Looking at Cate forced him to recognize that need was alive and clamoring-noisy. And the more he felt the nearness of her, the more he realized that need hadn’t been satisfied in a long, long time.

“You don’t take nonsense from anyone, do you?” he asked curiously.

“Sure I do. Everybody does.”

But he didn’t. And he’d long wearied of people who took it from him. From school to the military, to the business crisis he was in now, people had always deferred to him. Always expected him to find answers, to come through. To not show weakness. Cate had challenged him from the start. It was refreshing…but yeah, a little unnerving. And rather than think about that unwanted sexual tug, he started a conversation. “What was your impression? Of my guys, the team at dinner?”

She leaned up on one elbow. “When you told me what the situation was, I specifically set the table with good crystal, the white tablecloth. Probably sounds silly to you…but I’ve always found that atmosphere affects behavior. I also think having strangers around your group-like me and Ivan and Hans-probably brought out more manners in your guys. People always behave better around strangers. Likewise, if you give boys mud and water, they’ll end up getting dirty. Put on the crystal, and they’ll tend to be more polite, to get along.”

He said, “I don’t know about the crystal. But you sure did something because you got them talking.”

“Not real talking. Just polite talking. I was hoping the atmosphere would help you figure out the crux of the problem.”

“Who my thief is.”

She frowned. “Where the poison in your company is,” she corrected him. “Same thing.”

“I don’t think so.
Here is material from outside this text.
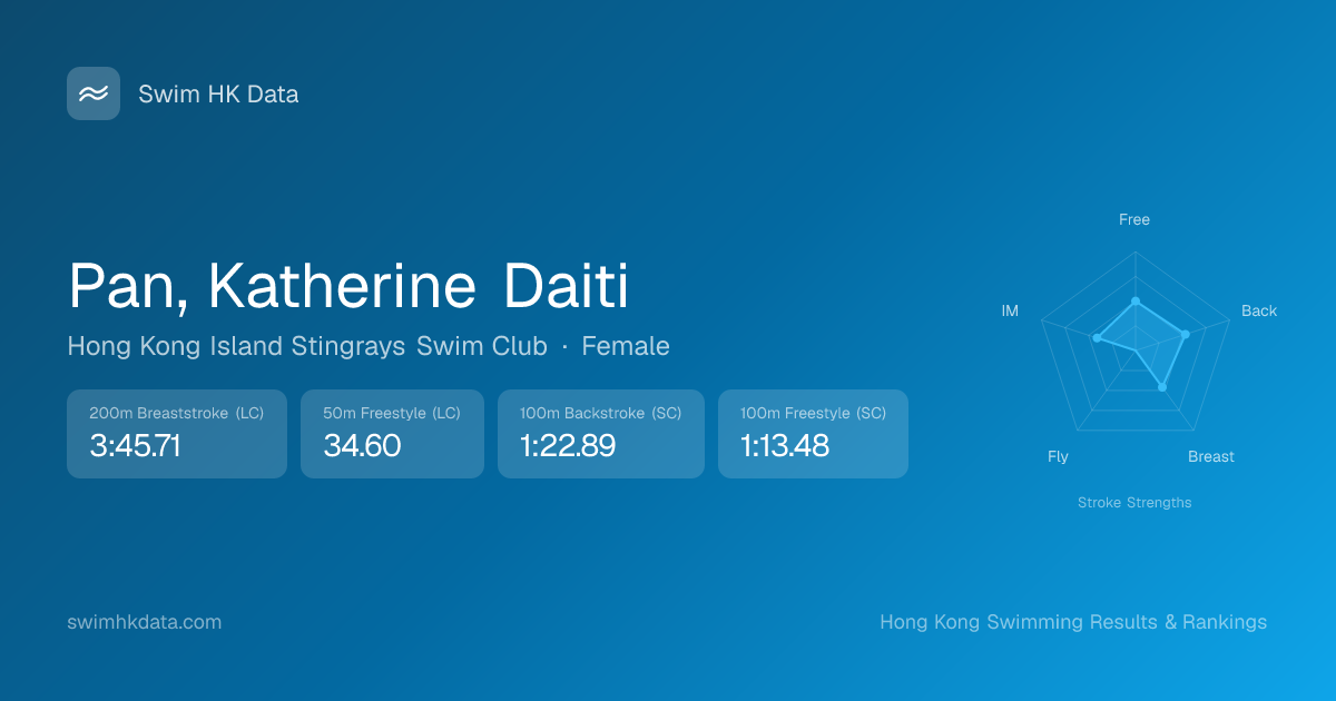 | 50m Freestyle | 34.60 2022-09-05 | 56 | 13 | 2022-09-05 |

The person who stole the formula not only stole the formula. He betrayed the team, hurt the other players-financially and job-wise-and is doing a pretty effective job of tearing down the company. Your uncle had lofty goals. So did they. The one who ripped that open took away some serious big dreams and goals, as well.”

“You’ve been thinking about this,” he said slowly.

“Not really. I don’t know anything. It’s just…an interesting problem. If the person did this right after your uncle died, then your uncle’s death must have provided them with an opportunity. Access. But I don’t get at all why someone would have done this. I’d think your whole team would have made a lot of money if that drug came through. So there’d have been no reason to steal. And then you described this group working as a team for quite some time. Working together, hoping together. So he was willing to tear apart the team, his friends, for some reason that I sure can’t imagine. I think you’ve got a guy on your hands who’s really, really angry. Angry about something that means a lot more than money to him.”

He absorbed what she’d said. He’d had no one to share the puzzle pieces with before-except for the P.I.